A Bible was not a cheap resource you can pickup for free on the internet. You couldn’t buy one at the store for an hour’s worth of pay. Scripture was a resource that took a lifetime to reproduce. On top of that, even though people today recommend against it, the older Bible structure definitely appears to be laid out with the intention of reading front to back, not just for liturgical and ritual purposes.

Before I go any further, let’s take a look at just the structure of a Protestant Bible today.

  • Torah/Pentateuch: Unquestionable, this is the Word of God.
  • Historical books: Most of these document what God’s people have done after receiving His Word.
  • Wisdom literature: Proverbs and Ecclesiastes give us a number of short sayings that we can reflect on. Psalms provide us with a prayer book and most of these prayers date back to the First Temple.
  • Prophets: The prophets continually call out apostasy and try to bring God’s people back to Him.
  • Gospels: The Words of Christ Jesus. The Gospels were revolutionary and in many cases downright scandalous.
  • Epistles: A ton of rambling from Paul about what to do with Mosaic Law now that the Covenant has been fulfilled. Paul is a pharisee of pharisees doing exactly what a good pharisee is supposed to do. James, Peter, John and Jude also contribute here but Paul comprises the vast majority of this section.
  • Revelation: John’s vision of the apocalypse.

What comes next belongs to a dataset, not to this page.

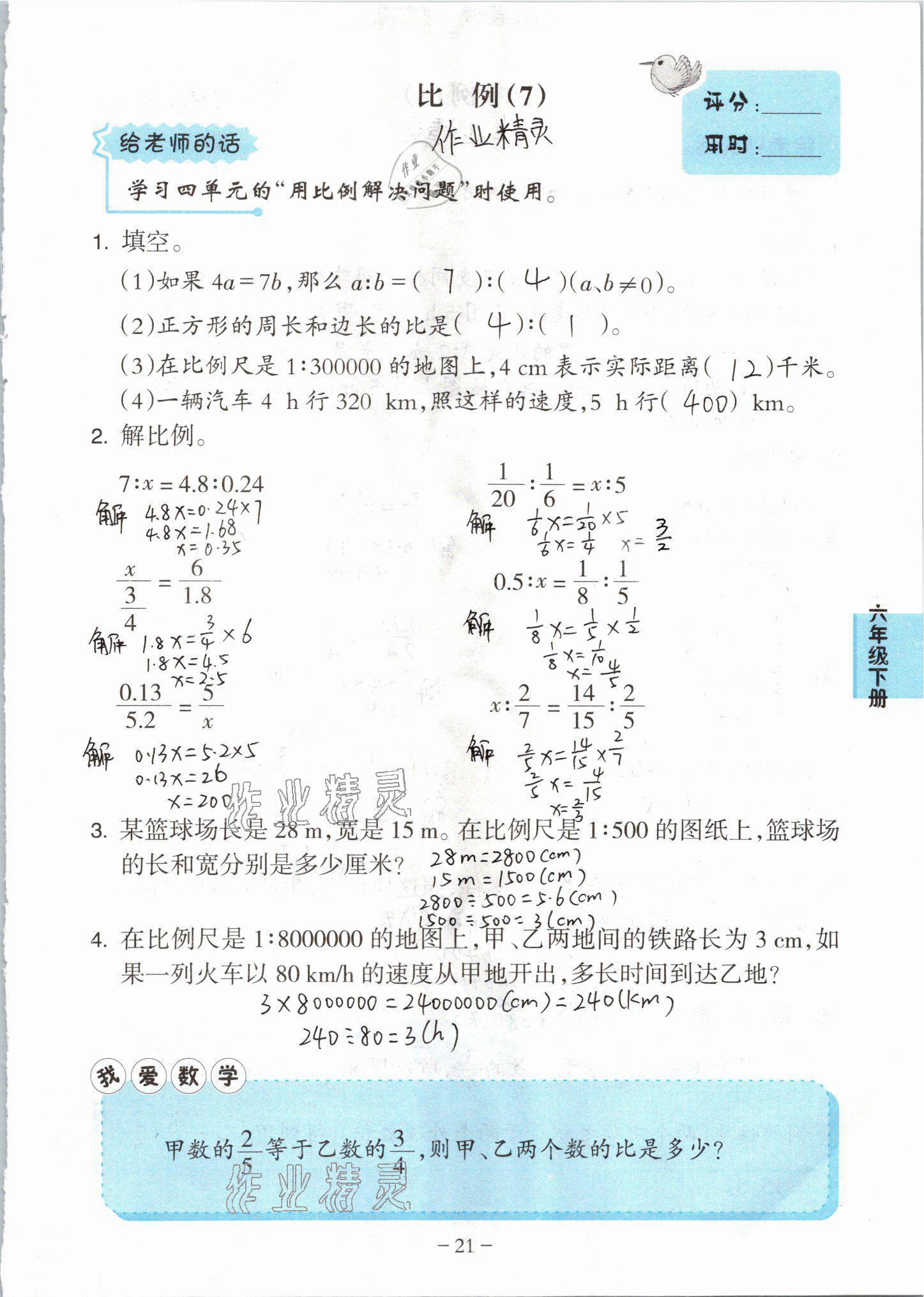 注:目前有些书本章节名称可能整理的还不是很完善,但都是按照顺序排列的,请同学们按照顺序仔细查找。练习册 2021年小学数学口算练习册六年级下册人教版人民教育出版社 答案主要是用来给同学们做完题方便对答案用的,请勿直接抄袭。
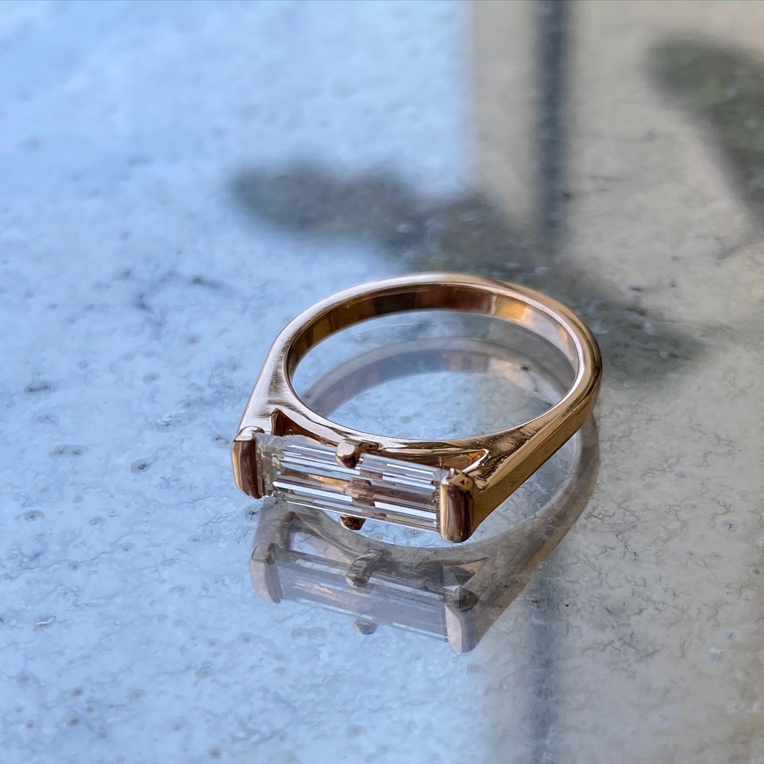 A minimalistic, modern ring of a stunning 1CT Baguette Diamond.

The Torah gives us a true and unquestionable authoritative text. Immediately afterward, in the historical books, God’s people begin breaking the commandments revealed to us from the Torah. The same basic line below gets repeated over and over.

[So and so] was king after [such and such]. He was wicked in the sight of the LORD.

The wisdom literature provides us with a models for how to think and live and pray. The prophets then give us example after example of God’s people falling into sin and being called back to Him. After Malachi, we get 400 years of silence and Jesus turns Second Temple Israel upside down for reasons that don’t always make sense — because the Second Temple gets treated as a silent extension or restoration of the First Temple.

Most early Christian communities always included a thing or two in their canon from that 400 year silent period. Whether you believe the Deuterocanon are divinely inspired or not, these texts are examples of what Second Temple Israelites grew up with. At the very minimum, they functioned like Sunday School teachers do today. The Apostles who grew up and followed Jesus. These texts help to understand the world they were formed in.

If one chooses to read the Bible front to back, as a standalone Christian formation, Second Temple literature puts them in a position to receive Christ similarly to how the Second Temple World received Him. I don’t believe this to be a mistake. Paul, pharisee of pharisees, master of law and religion and Scripture, trained under Gamaliel. He didn’t reject the tradition he was formed in. God sanctified it on the road to Damascus.

Why I’m launching this website

Holy Scriptures are a wonderful thing. Across the vast expanse of Christianity, we have diversity in Scripture. These diversities do amount to canonical differences. However, these differences are a feature, not a bug. We need to accept that, honestly, the original manuscripts to pretty much the entirety Scripture is either hidden somewhere inaccessible or lost permanently within the sands of time. What we’re left with is the traditions that pass the Scriptures down from generation to generation.